|Ph.D Student||Teichner Adar|
|Subject||Characterization of Different Inhibitors of APC/C in|
the Mitotic Checkpoint
|Department||Department of Medicine||Supervisor||? 18? Avram Hershko|
|Full Thesis text - in Hebrew|
The mitotic (or spindle assembly) checkpoint system is a surveillance mechanism that prevents the initiation of anaphase until all sister chromatids are correctly attached to the mitotic spindle through their kinetochores. It thus acts as a safeguard mechanism to ensure the accuracy of chromosome segregation in mitosis. The target of the mitotic checkpoint system is the anaphase-promoting complex/cyclosome (APC/C), a ubiquitin ligase that acts on some cell cycle regulatory proteins such as mitotic cyclins and securin, an inhibitor of anaphase initiation. When the checkpoint system is switched on, it inhibits the APC/C, securin cannot be degraded and anaphase cannot be initiated. Although much genetic information is available on the identity of components of the mitotic checkpoint system, the biochemical mechanisms by which it regulates the activity of APC/C remained obscure. An exception was the identification of a mitotic checkpoint complex (MCC), an APC/C inhibitor that is composed of the APC/C activator Cdc20, associated with the checkpoint proteins Mad2, BubR1 and Bub3. The MCC assembles during checkpoint and inhibits the activity of APC/C. However, it is not known what are the molecular mechanisms of the assembly of MCC when the checkpoint system is turned on, and of the disassembly of MCC when the checkpoint is turned off. It was also not known whether there are other checkpoint inhibitors of APC/C (in addition to MCC), since in many other cases several parallel mechanisms exist to control an important cellular process.

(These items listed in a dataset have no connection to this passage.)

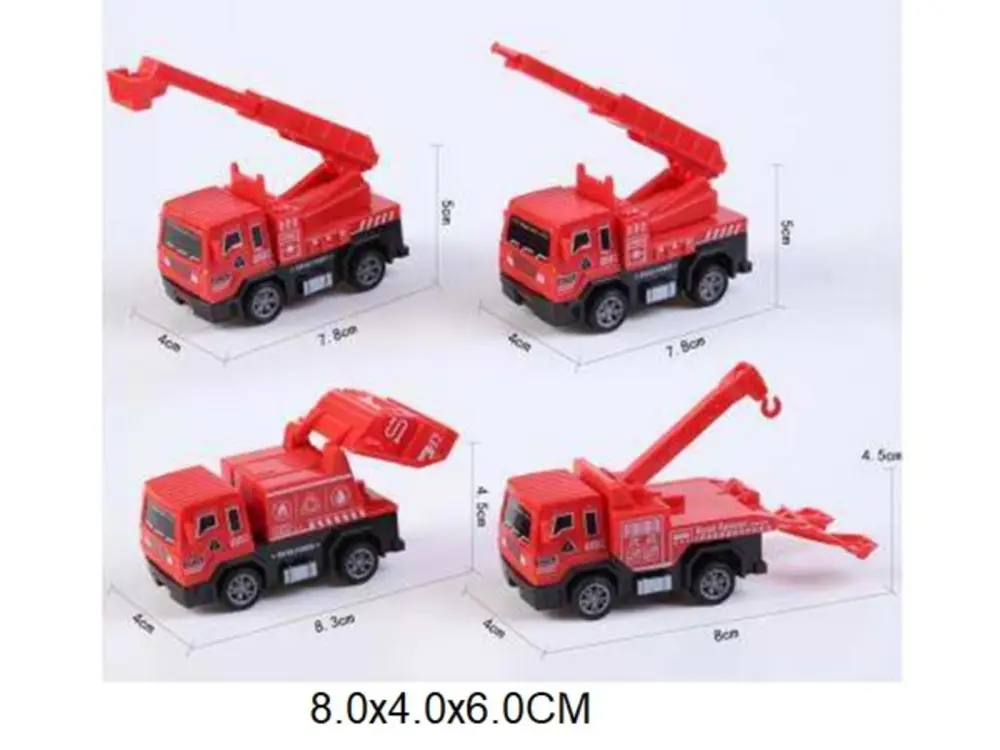 Машина инерционная пожарная 4 вида в ассортименте с подъемными механизмами. Размер 8 см.
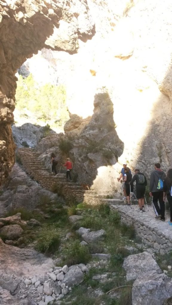 El regreso se realiza por el lecho del Barranc del Cinc, a través de una estrecha senda que discurre entre imponentes paredes de roca caliza, con numerosas repisas y abrigos en los que anidan los buitres y otras especies de aves rupícolas.
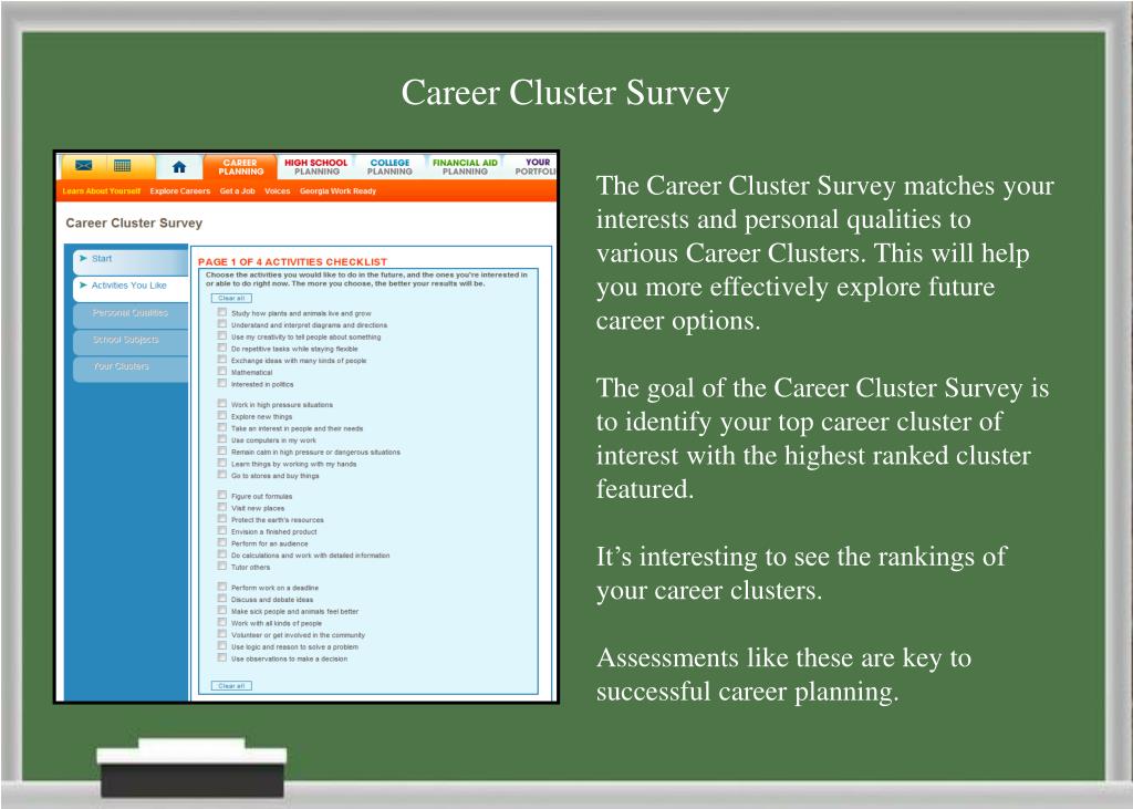Career Cluster Survey The Career Cluster Survey matches your interests and personal qualities to various Career Clusters. This will help you more effectively explore future career options. The goal of the Career Cluster Survey is to identify your top career cluster of interest with the highest ranked cluster featured. It’s interesting to see the rankings of your career clusters. Assessments like these are key to successful career planning.

Previous work from our laboratory has used extracts from nocodazole-arrested cells to gain insight into some biochemical mechanisms of the mitotic checkpoint system. Nocodazole prevents the assembly of the microtubules of the mitotic spindle and thus produces a strong checkpoint signal. Soluble extracts from nocodazole-arrested cells do not contain chromosomes, but they can be used to study downstream events of the mitotic checkpoint system, such as the nature of the mitotic checkpoint inhibitors and the mechanisms of the disassembly or inactivation of these inhibitors in exit from checkpoint-arrested state. The aim of this research was to gain knowledge of two related problems: (1) What are the identity and characteristics of different mitotic checkpoint inhibitors of APC/C? (2) What are the molecular mechanisms of the disassembly of one of these inhibitors, MCC, in release from mitotic checkpoint?